**** Exercise input ****

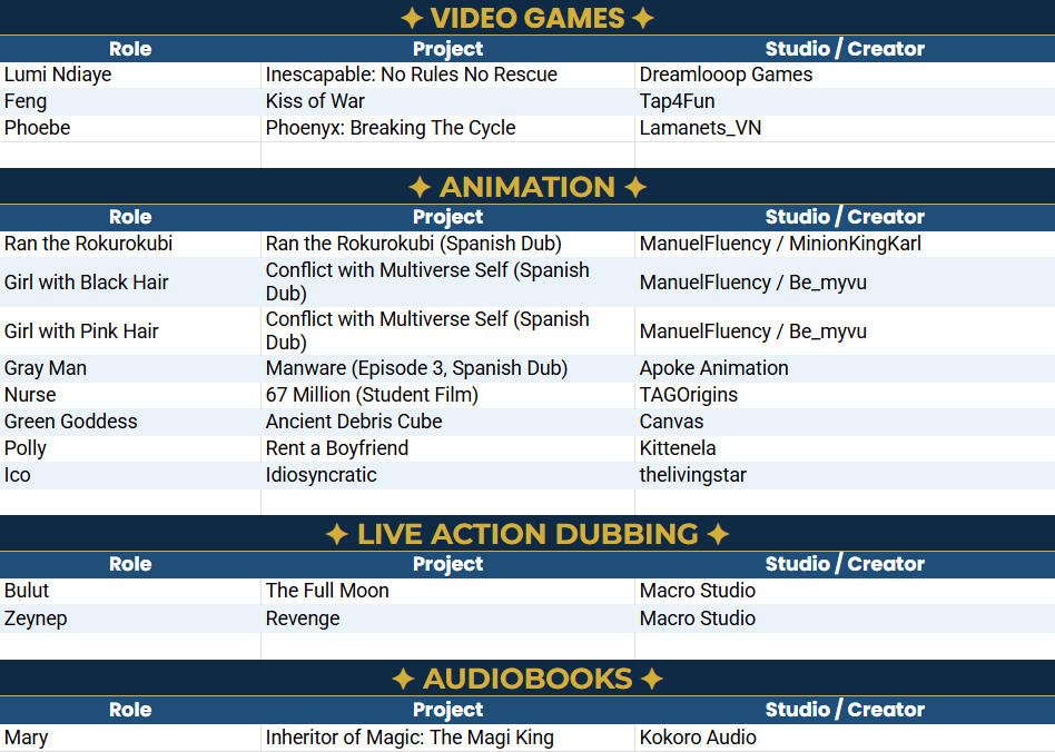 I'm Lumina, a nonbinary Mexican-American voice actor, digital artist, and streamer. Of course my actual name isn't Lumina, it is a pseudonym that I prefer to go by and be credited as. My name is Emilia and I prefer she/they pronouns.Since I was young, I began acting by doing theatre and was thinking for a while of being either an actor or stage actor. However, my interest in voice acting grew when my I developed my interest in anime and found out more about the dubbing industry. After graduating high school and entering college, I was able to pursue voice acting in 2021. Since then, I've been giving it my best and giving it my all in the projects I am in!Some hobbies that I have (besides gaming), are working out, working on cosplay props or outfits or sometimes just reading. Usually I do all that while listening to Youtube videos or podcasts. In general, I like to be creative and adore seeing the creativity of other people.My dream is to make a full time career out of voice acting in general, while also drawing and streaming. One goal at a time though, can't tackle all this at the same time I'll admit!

****
**** Exercise input ****

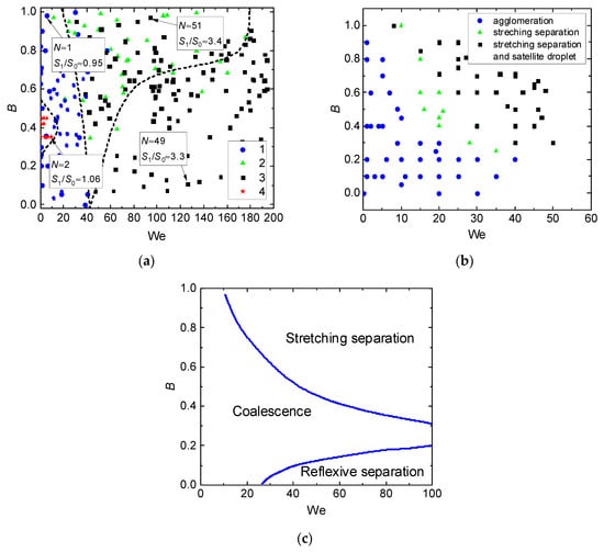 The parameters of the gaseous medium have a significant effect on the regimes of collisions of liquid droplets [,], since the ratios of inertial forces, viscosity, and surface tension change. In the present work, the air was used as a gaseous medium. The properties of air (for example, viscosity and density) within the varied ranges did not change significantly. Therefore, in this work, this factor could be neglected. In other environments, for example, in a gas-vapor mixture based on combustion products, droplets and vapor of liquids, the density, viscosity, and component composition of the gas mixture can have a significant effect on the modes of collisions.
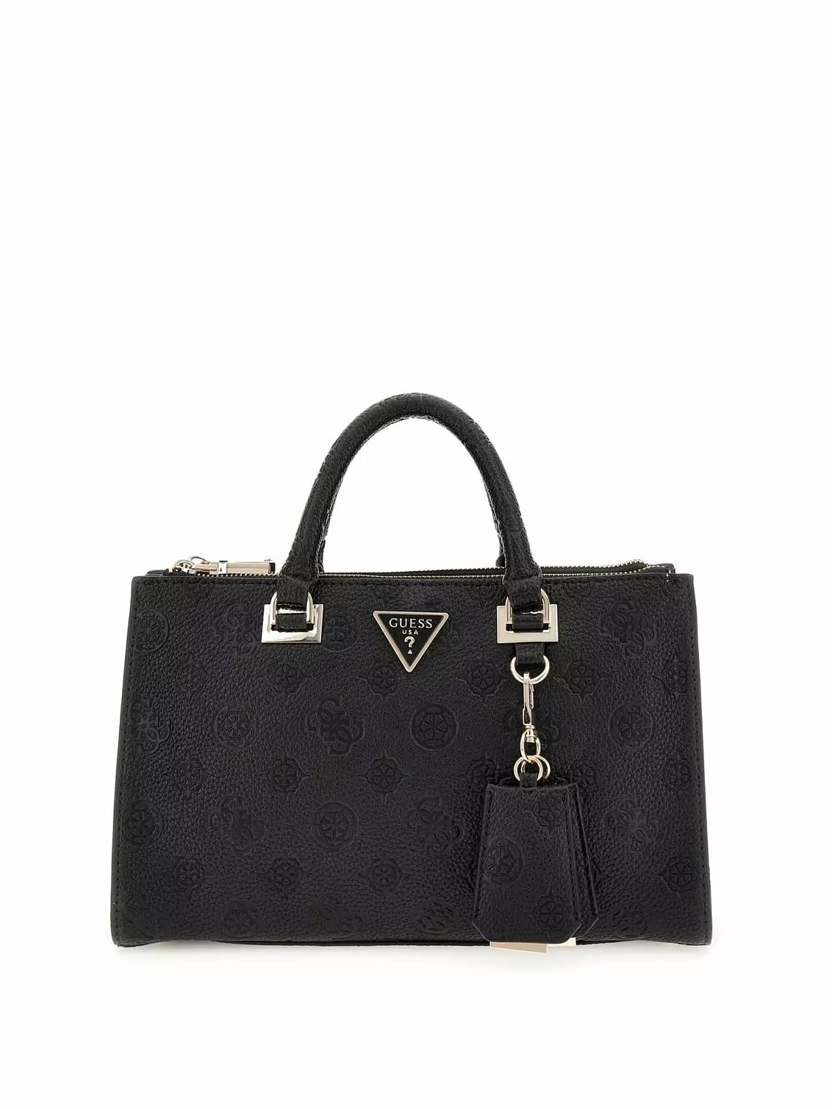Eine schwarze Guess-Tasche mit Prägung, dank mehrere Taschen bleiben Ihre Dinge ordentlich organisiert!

****

◆ Exercise: Above are records; repeat only the lines from the line with "The parameters of" through the line with "Eine schwarze Guess-Tasche", and leave pictures out.

◆ Task solution:
 The parameters of the gaseous medium have a significant effect on the regimes of collisions of liquid droplets [,], since the ratios of inertial forces, viscosity, and surface tension change. In the present work, the air was used as a gaseous medium. The properties of air (for example, viscosity and density) within the varied ranges did not change significantly. Therefore, in this work, this factor could be neglected. In other environments, for example, in a gas-vapor mixture based on combustion products, droplets and vapor of liquids, the density, viscosity, and component composition of the gas mixture can have a significant effect on the modes of collisions.
Eine schwarze Guess-Tasche mit Prägung, dank mehrere Taschen bleiben Ihre Dinge ordentlich organisiert!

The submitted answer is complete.